- _Activity_: Would you reproduce every record exactly, leaving out the pictures?

[[ Material provided open ]]

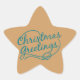 Los Navidades de Navidad saludan a los pegatinas estrellas de vacaciones con un fondo de bronceado con un elegante texto azul que lee los saludos de Navidad. Este clásico y moderno pegatina de vacaciones en forma de estrella concuerda con nuestras tarjetas de fotos, franqueo y etiquetas de direcciones de la Navidad Holly Jolly Jolly Joy.
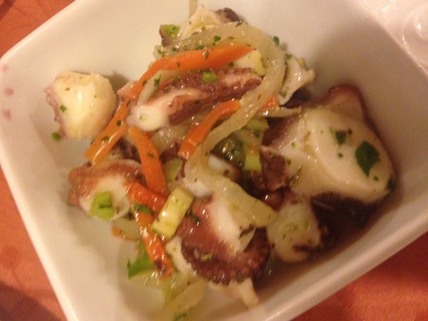 Marinated Octopus, carrot,and fennel over arugula served on a no
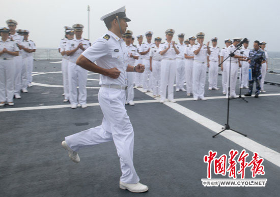 Ling runs to the microphone to give a speech at the discharge ceremony held for him on the "Weishanhu" ship. (Photo/www.cyol.net)
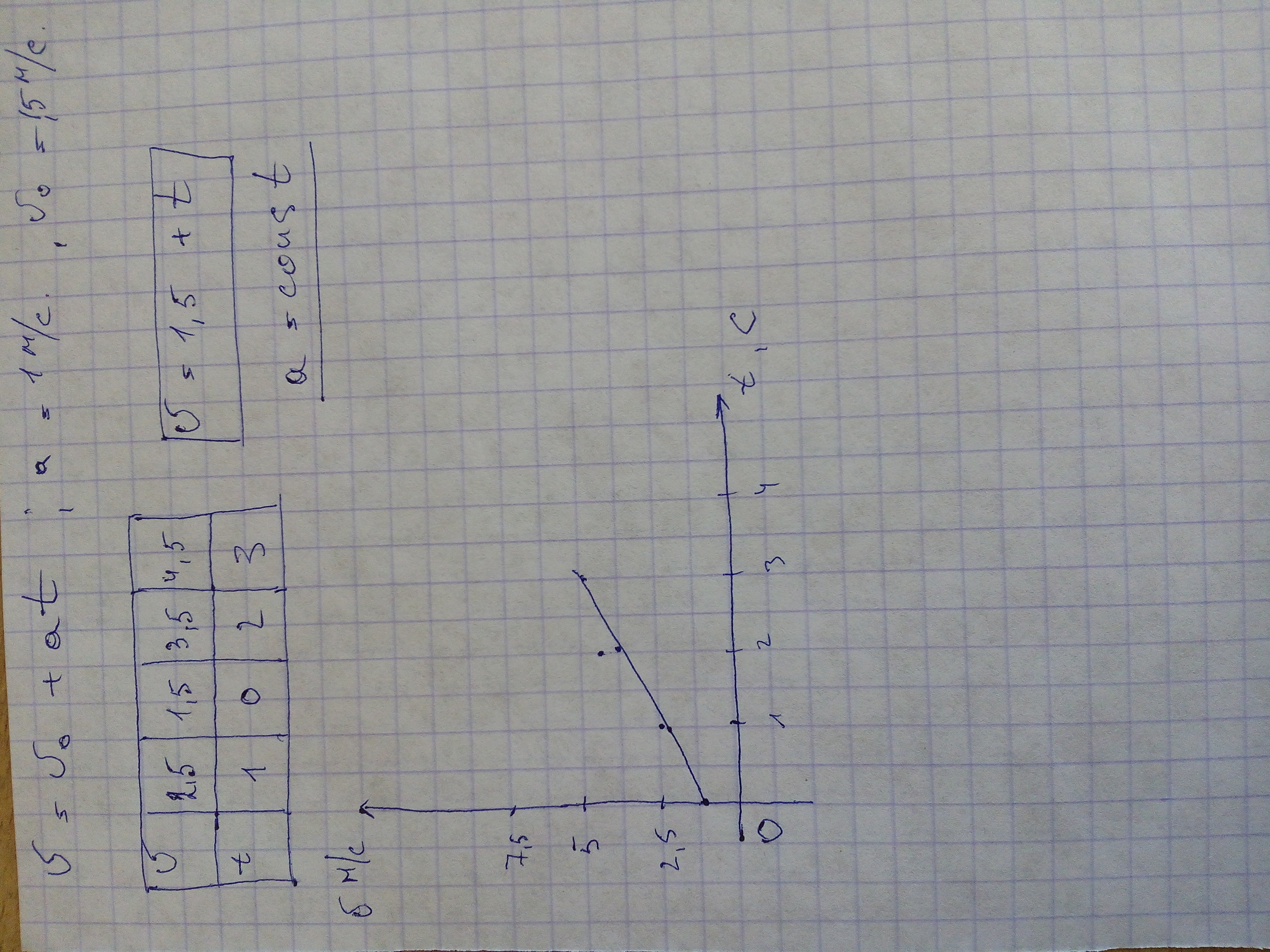 записать уравнение скорости и построить график зависимости u (t) если начальная скорость 1,5м/с а ускарение 1м/с
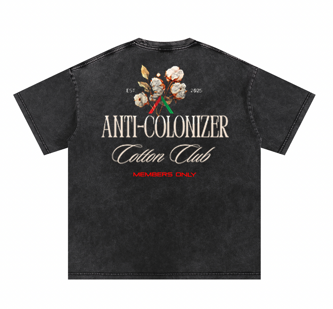 TO REDUCE THE AMOUNT OF WASTE THAT IS GENERATED BY FAST FASHION, BULK INVENTORY ORDERS AND TO EFFICIENTLY USE THE LIMITED COTTON GROWN FROM THESE BLACK FARMERS, PRODUCTS ARE PRINTED, LABELED, AND STITCHED AFTER ORDERING.
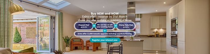 We’re here to turn your ‘one day’ dreams into ‘right now’ reality. On hundreds of homes, you can choose from up to 5% towards your deposit, or Stamp Duty*, or we can buy or sell your existing home with our Part Exchange† or Assisted Move option^. Plus, an additional £2,000 towards upgrades if you reserve by 31st March‡. So, get moving. Register your interest today. Terms and conditions apply.
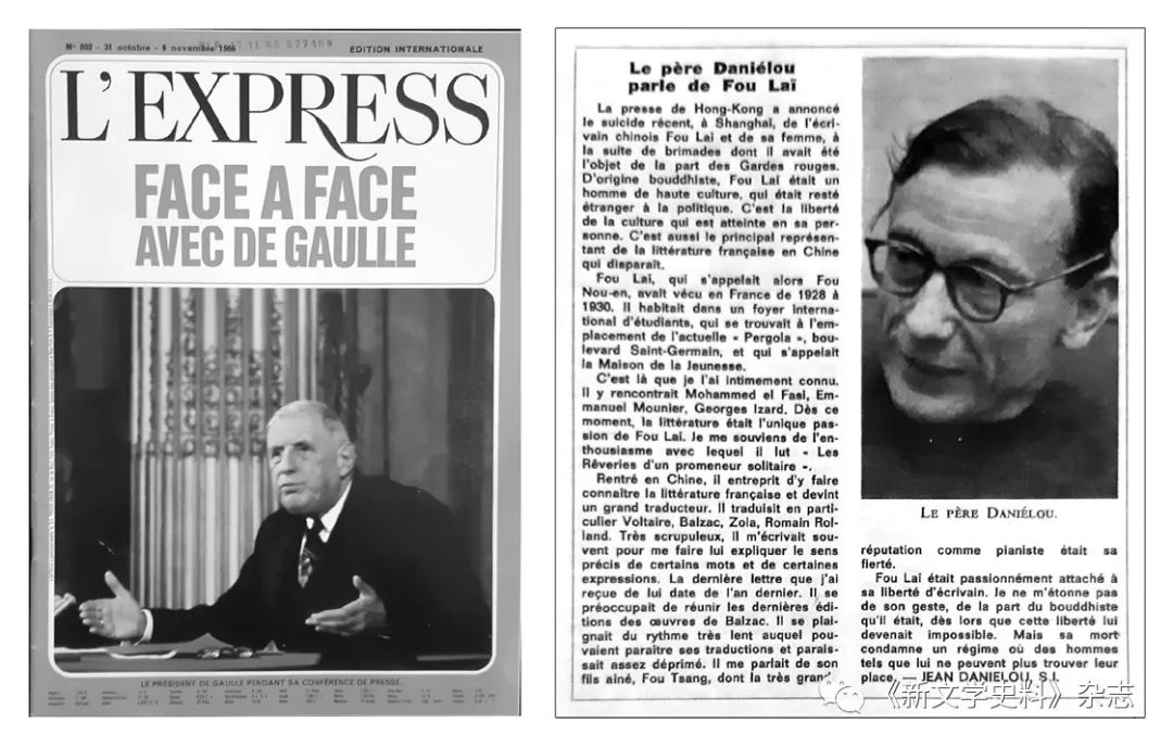 為了解決疑問,首先要厘清他的歐洲經(jīng)歷。沒有想到最早找到的法國資料竟然是一篇悼文,標(biāo)題《達(dá)尼埃魯神甫談傅雷》(Le père Daniélou parle de Fou La?),發(fā)表在《快訊》(L'Express)周刊1966年10月31日第802期:
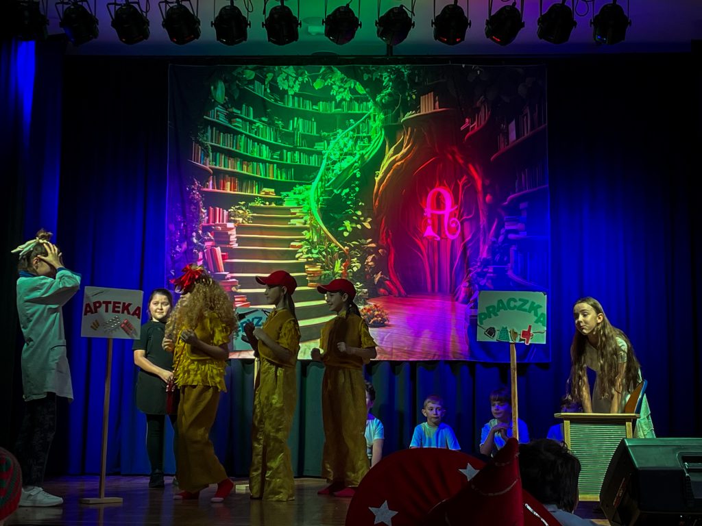 W niedzielę uczniowie naszej szkoły wzięli udział w Festiwalu Teatrów w Trzęsówce, prezentując przedstawienie „Akademia pana Kleksa”. W spektaklu wystąpiło 34 uczniów, którzy z dużym zaangażowaniem wcielili się w role bohaterów znanej powieści Jana Brzechwy.
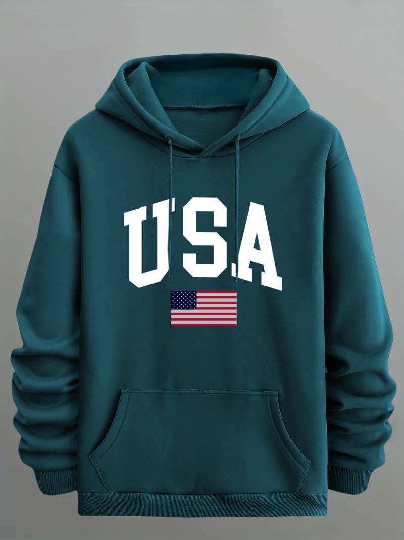 TagasMen’s Hoodie with USA Print, Kangaroo Pocket and Drawstring Detail || Sweatshirt for Mens || Men Hoodies || hoodis||(MH-8015)
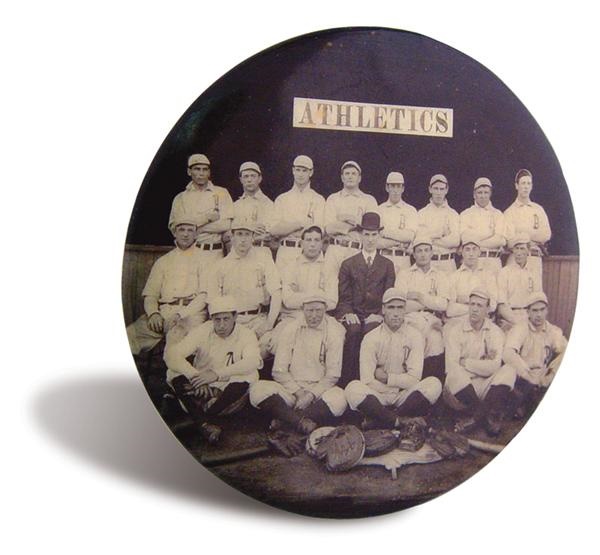 This jewel boasts a fabulous team photo of Philadelphia's long-departed American League team. The golden days of Connie Mack. Mack at center surrounded by 19 members of that storied Athletics team including Bender, Waddell & Plank. "Athletics" across the top. Back is tarnished, front is Excellent. 1.75" in diameter. Rare and amazing.
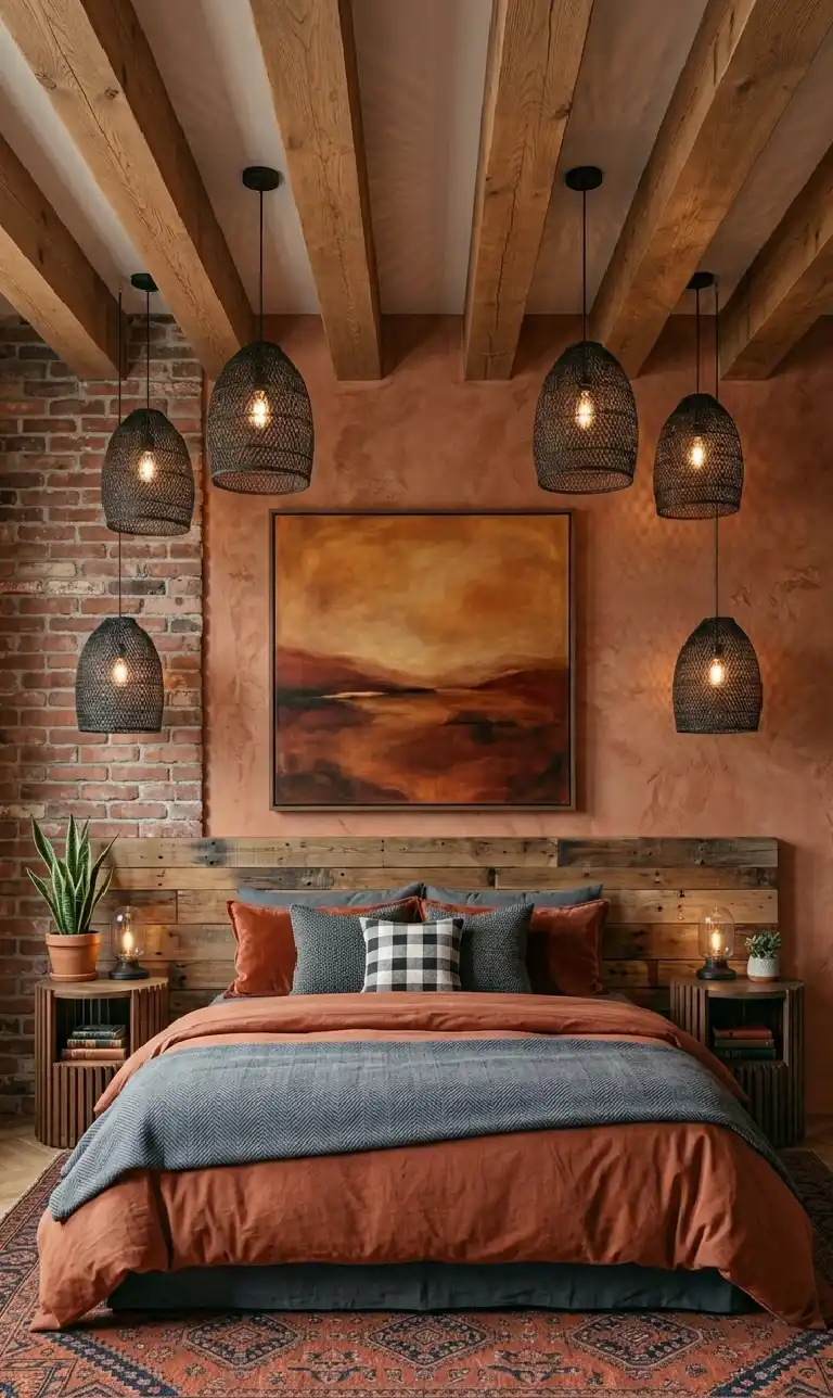 Terracotta & Wood Bedroom Idea: Mixed Media Walls and Reclaimed Wood Headboards
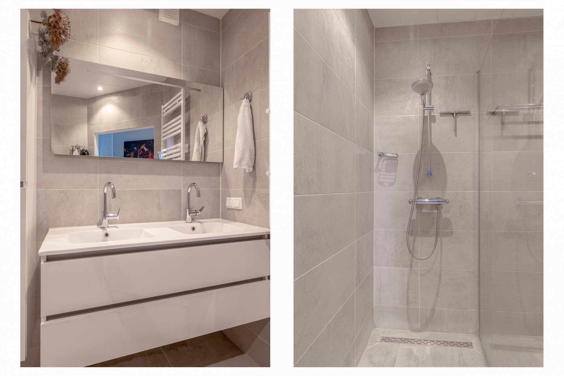 De moderne badkamer is uitgerust met, inloopdouche, urinoir, wastafelmeubel en elektrische radiator. Separaat Japans toilet met fonteintje.
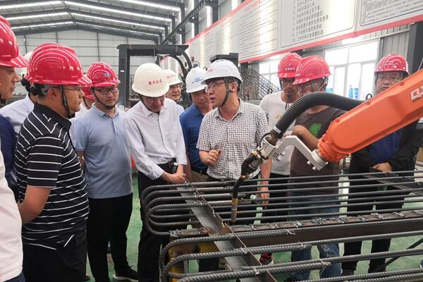 滁天高速預制標項目負責人向觀摩組詳細介紹了項目工程、場區規劃等情況。隨后,觀摩組一行深入鋼筋加工廠、拌合站、儲料倉、預制區和存放區等施工現場。觀摩組對項目安全文明施工、技術創新及標準化管理等方面的做法、經驗、成果給予高度贊賞。
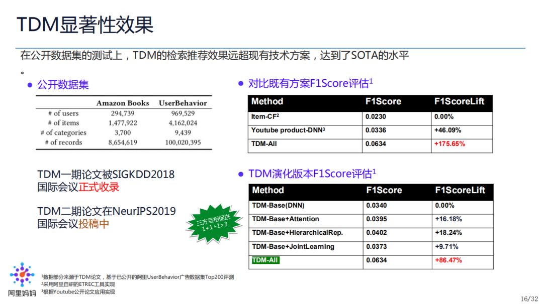 TDM 在 AmazonBooks 和 TaobaoUserBehavior 两个公开数据集上进行了测试。相对于基线的 ItemCF 和 Youtube 内积模型,TDM 的提升非常显著。我们也对 TDM 各种优化做了单项拆分分析,Attention、HierarchicalRep. 和联合学习的效果如之前所说,其中三者的联合效果达到了1+1+1>3。
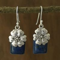 Fair Trade Floral Sterling Silver and Lapis Lazuli Earrings 'Blue Lily' Item ID: 2671619703
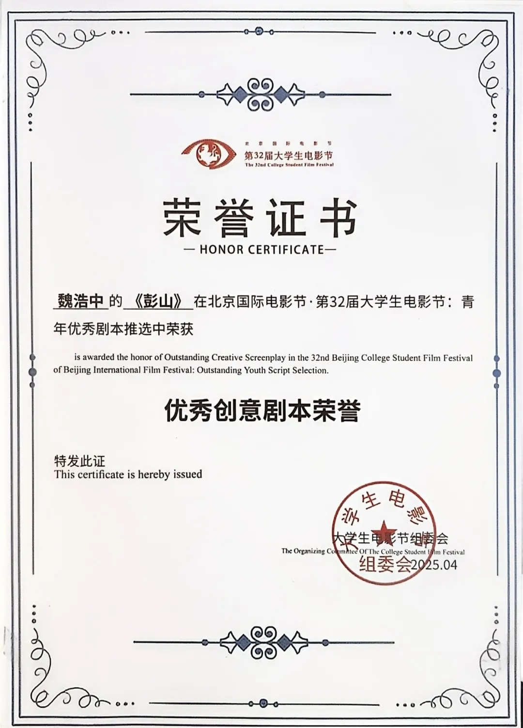 一场融合杀戮与历史的古法迷局,一段充满追捕与逃亡的悬疑大案,一次围绕文物与复仇的终极对决,最终在奔腾的岷江畔落下帷幕……近日,在北京国际电影节・第32届大学生电影节——青年优秀剧本推选活动中,彭山学子魏浩中创作的原创剧本《彭山》,从近600部参赛剧本里脱颖而出,荣获“优秀创意剧本”荣誉。

[[ Material provided closed ]]

- _Solution for this exercise_:
 Los Navidades de Navidad saludan a los pegatinas estrellas de vacaciones con un fondo de bronceado con un elegante texto azul que lee los saludos de Navidad. Este clásico y moderno pegatina de vacaciones en forma de estrella concuerda con nuestras tarjetas de fotos, franqueo y etiquetas de direcciones de la Navidad Holly Jolly Jolly Joy.
 Marinated Octopus, carrot,and fennel over arugula served on a no
 Ling runs to the microphone to give a speech at the discharge ceremony held for him on the "Weishanhu" ship. (Photo/www.cyol.net)
 записать уравнение скорости и построить график зависимости u (t) если начальная скорость 1,5м/с а ускарение 1м/с
 TO REDUCE THE AMOUNT OF WASTE THAT IS GENERATED BY FAST FASHION, BULK INVENTORY ORDERS AND TO EFFICIENTLY USE THE LIMITED COTTON GROWN FROM THESE BLACK FARMERS, PRODUCTS ARE PRINTED, LABELED, AND STITCHED AFTER ORDERING.
 We’re here to turn your ‘one day’ dreams into ‘right now’ reality. On hundreds of homes, you can choose from up to 5% towards your deposit, or Stamp Duty*, or we can buy or sell your existing home with our Part Exchange† or Assisted Move option^. Plus, an additional £2,000 towards upgrades if you reserve by 31st March‡. So, get moving. Register your interest today. Terms and conditions apply.
 為了解決疑問,首先要厘清他的歐洲經(jīng)歷。沒有想到最早找到的法國資料竟然是一篇悼文,標(biāo)題《達(dá)尼埃魯神甫談傅雷》(Le père Daniélou parle de Fou La?),發(fā)表在《快訊》(L'Express)周刊1966年10月31日第802期:
 W niedzielę uczniowie naszej szkoły wzięli udział w Festiwalu Teatrów w Trzęsówce, prezentując przedstawienie „Akademia pana Kleksa”. W spektaklu wystąpiło 34 uczniów, którzy z dużym zaangażowaniem wcielili się w role bohaterów znanej powieści Jana Brzechwy.
 TagasMen’s Hoodie with USA Print, Kangaroo Pocket and Drawstring Detail || Sweatshirt for Mens || Men Hoodies || hoodis||(MH-8015)
 This jewel boasts a fabulous team photo of Philadelphia's long-departed American League team. The golden days of Connie Mack. Mack at center surrounded by 19 members of that storied Athletics team including Bender, Waddell & Plank. "Athletics" across the top. Back is tarnished, front is Excellent. 1.75" in diameter. Rare and amazing.
 Terracotta & Wood Bedroom Idea: Mixed Media Walls and Reclaimed Wood Headboards
 De moderne badkamer is uitgerust met, inloopdouche, urinoir, wastafelmeubel en elektrische radiator. Separaat Japans toilet met fonteintje.
 滁天高速預制標項目負責人向觀摩組詳細介紹了項目工程、場區規劃等情況。隨后,觀摩組一行深入鋼筋加工廠、拌合站、儲料倉、預制區和存放區等施工現場。觀摩組對項目安全文明施工、技術創新及標準化管理等方面的做法、經驗、成果給予高度贊賞。
 TDM 在 AmazonBooks 和 TaobaoUserBehavior 两个公开数据集上进行了测试。相对于基线的 ItemCF 和 Youtube 内积模型,TDM 的提升非常显著。我们也对 TDM 各种优化做了单项拆分分析,Attention、HierarchicalRep. 和联合学习的效果如之前所说,其中三者的联合效果达到了1+1+1>3。
 Fair Trade Floral Sterling Silver and Lapis Lazuli Earrings 'Blue Lily' Item ID: 2671619703
 一场融合杀戮与历史的古法迷局,一段充满追捕与逃亡的悬疑大案,一次围绕文物与复仇的终极对决,最终在奔腾的岷江畔落下帷幕……近日,在北京国际电影节・第32届大学生电影节——青年优秀剧本推选活动中,彭山学子魏浩中创作的原创剧本《彭山》,从近600部参赛剧本里脱颖而出,荣获“优秀创意剧本”荣誉。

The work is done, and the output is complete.